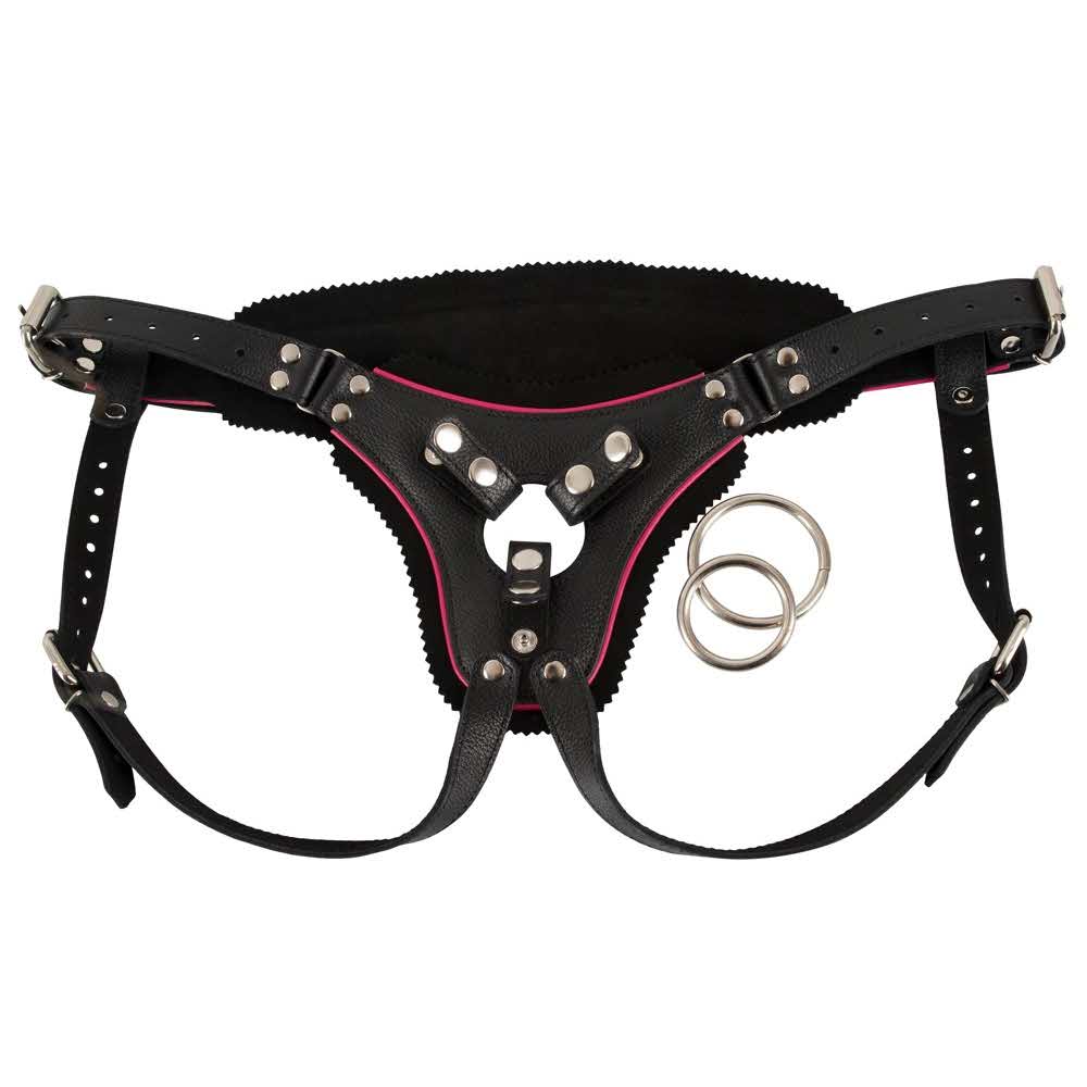 Stabilny i regulowany! Czarna, lekko wyściełana uprząż strap-on dla kobiet. Możliwość regulacji na biodrach i pośladkach. Dzięki dwóm pierścieniom o różnej wielkości można przymocować różne dilda. Wykończone gładką skórą na zewnątrz i zamszem wewnątrz. Z psotnym zygzakowatym brzegiem o tradycyjnym wyglądzie i różową lamówką. Pierścienie średnica˜ 4 cm i średnica˜ 5 cm. Skóra/skóra surowa (skóra naturalna, bydlęca) garbowana bezchromowo, metal. Zawiera nietekstylne części pochodzenia zwierzęcego. Bez dildo.
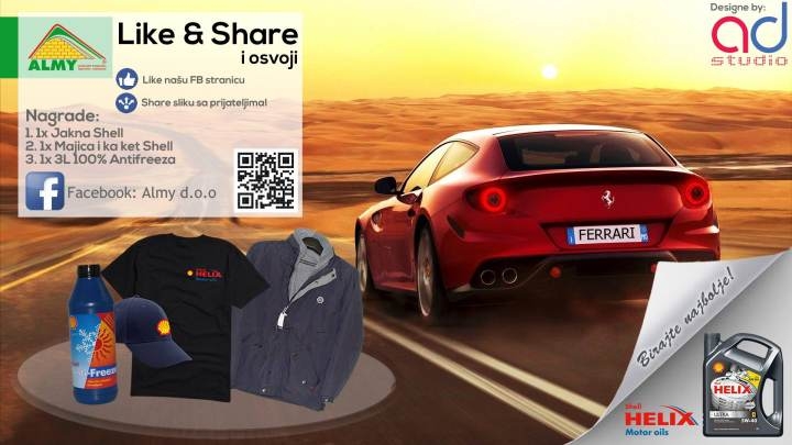 Nova nagradna igra kompanije Almy d.o.o. Like & Share, sretne dobitnike očekuju veoma vrijedne nagrade. Da bi ste učestvovali u nagradnoj igri potrebno je...
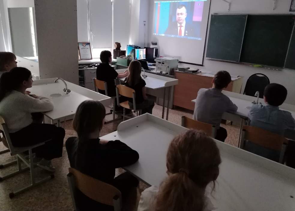 В Красноманычской школе ребята посмотрели видеоинтервью с Артуром Орловым, героем России, председателем правления Общероссийского общественно-государственного движения детей и молодежи «Движение первых», а также с Игорем Юргиным, героем России, директором департамента государственной политики в сфере воспитания, дополнительного образования и детского отдыха Минпросвещения России. В интервью с ним затрагивались актуальные темы и поднимались вопросы, которые обучающиеся чаще всего задают на встречах с бойцами СВО: про стойкость, мужество и патриотизм, долг и личную ответственность. Личная история — самый сильный способ достучаться до сердца каждого.
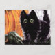 Carte postale avec un mignon petit chat noir effrayé avec de grands yeux verts debout à côté d'un citrouille. Purrfect pour les salutations d'Halloween ! Who Dat Scaredy Cat de l'artiste Michaeline McDonald. Commandez un portrait de chat effrayé de votre chat à www.wisetailsart.com .

WHAT IS NEEDED: When you repeat the data, keep every line exact and drop the images.

RESULT:
 Stabilny i regulowany! Czarna, lekko wyściełana uprząż strap-on dla kobiet. Możliwość regulacji na biodrach i pośladkach. Dzięki dwóm pierścieniom o różnej wielkości można przymocować różne dilda. Wykończone gładką skórą na zewnątrz i zamszem wewnątrz. Z psotnym zygzakowatym brzegiem o tradycyjnym wyglądzie i różową lamówką. Pierścienie średnica˜ 4 cm i średnica˜ 5 cm. Skóra/skóra surowa (skóra naturalna, bydlęca) garbowana bezchromowo, metal. Zawiera nietekstylne części pochodzenia zwierzęcego. Bez dildo.
 Nova nagradna igra kompanije Almy d.o.o. Like & Share, sretne dobitnike očekuju veoma vrijedne nagrade. Da bi ste učestvovali u nagradnoj igri potrebno je...
 В Красноманычской школе ребята посмотрели видеоинтервью с Артуром Орловым, героем России, председателем правления Общероссийского общественно-государственного движения детей и молодежи «Движение первых», а также с Игорем Юргиным, героем России, директором департамента государственной политики в сфере воспитания, дополнительного образования и детского отдыха Минпросвещения России. В интервью с ним затрагивались актуальные темы и поднимались вопросы, которые обучающиеся чаще всего задают на встречах с бойцами СВО: про стойкость, мужество и патриотизм, долг и личную ответственность. Личная история — самый сильный способ достучаться до сердца каждого.
 Carte postale avec un mignon petit chat noir effrayé avec de grands yeux verts debout à côté d'un citrouille. Purrfect pour les salutations d'Halloween ! Who Dat Scaredy Cat de l'artiste Michaeline McDonald. Commandez un portrait de chat effrayé de votre chat à www.wisetailsart.com .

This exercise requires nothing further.